Removal of IDs: If freq[i] is negative, it means -freq[i] IDs with the value nums[i] are removed from the collection at step i.

Return an array ans of length n, where ans[i] represents the count of the most frequent ID in the collection after the i-th step.
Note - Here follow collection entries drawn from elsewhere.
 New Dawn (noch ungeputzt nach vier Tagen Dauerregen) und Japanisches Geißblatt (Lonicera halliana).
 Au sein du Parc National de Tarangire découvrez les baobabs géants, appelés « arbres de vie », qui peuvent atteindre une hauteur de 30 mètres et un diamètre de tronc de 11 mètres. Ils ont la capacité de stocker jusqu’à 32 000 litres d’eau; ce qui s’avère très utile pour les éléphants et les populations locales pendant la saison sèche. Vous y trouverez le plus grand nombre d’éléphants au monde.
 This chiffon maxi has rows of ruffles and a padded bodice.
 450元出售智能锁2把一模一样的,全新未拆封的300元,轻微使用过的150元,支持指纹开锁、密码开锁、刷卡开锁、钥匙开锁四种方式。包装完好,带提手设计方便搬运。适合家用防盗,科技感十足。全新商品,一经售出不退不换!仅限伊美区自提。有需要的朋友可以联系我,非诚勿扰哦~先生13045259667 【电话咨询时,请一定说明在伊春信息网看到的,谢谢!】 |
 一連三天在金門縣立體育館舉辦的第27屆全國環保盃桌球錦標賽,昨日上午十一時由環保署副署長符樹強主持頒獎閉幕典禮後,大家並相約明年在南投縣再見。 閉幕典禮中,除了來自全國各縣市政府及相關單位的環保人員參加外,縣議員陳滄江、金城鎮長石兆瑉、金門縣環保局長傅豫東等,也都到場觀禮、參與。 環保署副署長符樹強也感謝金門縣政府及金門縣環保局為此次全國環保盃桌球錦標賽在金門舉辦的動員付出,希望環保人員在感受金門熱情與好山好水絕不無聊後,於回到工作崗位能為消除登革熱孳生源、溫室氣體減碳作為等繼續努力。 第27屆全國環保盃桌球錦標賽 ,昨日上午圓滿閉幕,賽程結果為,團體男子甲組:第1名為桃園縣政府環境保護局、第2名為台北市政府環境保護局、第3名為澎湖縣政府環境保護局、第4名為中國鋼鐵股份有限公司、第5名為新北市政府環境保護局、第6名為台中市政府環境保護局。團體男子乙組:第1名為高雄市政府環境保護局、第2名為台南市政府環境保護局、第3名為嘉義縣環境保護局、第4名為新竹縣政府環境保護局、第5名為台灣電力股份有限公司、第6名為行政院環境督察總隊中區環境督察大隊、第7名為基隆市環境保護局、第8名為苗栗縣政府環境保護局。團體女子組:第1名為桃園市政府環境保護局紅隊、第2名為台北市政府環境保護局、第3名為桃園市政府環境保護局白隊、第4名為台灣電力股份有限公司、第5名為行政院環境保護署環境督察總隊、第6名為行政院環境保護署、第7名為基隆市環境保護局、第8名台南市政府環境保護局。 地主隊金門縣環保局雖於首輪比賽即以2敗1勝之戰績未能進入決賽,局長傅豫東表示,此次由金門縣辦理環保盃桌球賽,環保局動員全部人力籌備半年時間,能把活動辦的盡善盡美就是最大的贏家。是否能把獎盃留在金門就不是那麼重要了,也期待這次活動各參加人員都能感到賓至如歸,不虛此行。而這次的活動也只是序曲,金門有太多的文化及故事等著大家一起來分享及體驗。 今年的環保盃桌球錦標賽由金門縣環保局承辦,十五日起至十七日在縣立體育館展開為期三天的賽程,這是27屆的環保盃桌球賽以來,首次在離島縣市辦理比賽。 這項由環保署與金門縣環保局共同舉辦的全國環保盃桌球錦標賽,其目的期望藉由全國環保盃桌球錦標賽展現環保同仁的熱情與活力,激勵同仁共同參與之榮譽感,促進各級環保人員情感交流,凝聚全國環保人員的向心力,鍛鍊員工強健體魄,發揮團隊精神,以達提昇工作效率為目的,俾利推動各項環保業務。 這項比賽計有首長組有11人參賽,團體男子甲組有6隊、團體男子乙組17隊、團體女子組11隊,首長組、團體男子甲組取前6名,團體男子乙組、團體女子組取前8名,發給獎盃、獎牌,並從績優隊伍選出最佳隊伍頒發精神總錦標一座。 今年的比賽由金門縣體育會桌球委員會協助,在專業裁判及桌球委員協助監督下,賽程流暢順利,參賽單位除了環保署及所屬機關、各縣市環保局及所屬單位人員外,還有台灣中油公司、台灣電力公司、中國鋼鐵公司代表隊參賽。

If the collection is empty at any step, ans[i] should be 0 for that step.

Input & Output

Example 1 — Basic Operations

$ Input: nums = [2,3,2,1], freq = [3,2,-3,1]

› Output: [3,3,2,2]

💡 Note: Step 0: Add 3 of ID 2 → {2:3} → max = 3. Step 1: Add 2 of ID 3 → {2:3,3:2} → max = 3. Step 2: Remove 3 of ID 2 → {3:2} → max = 2. Step 3: Add 1 of ID 1 → {3:2,1:1} → max = 2.

Example 2 — Collection Becomes Empty

$ Input: nums = [5,5,3], freq = [2,-2,1]

› Output: [2,0,1]

💡 Note: Step 0: Add 2 of ID 5 → {5:2} → max = 2. Step 1: Remove 2 of ID 5 → {} → max = 0. Step 2: Add 1 of ID 3 → {3:1} → max = 1.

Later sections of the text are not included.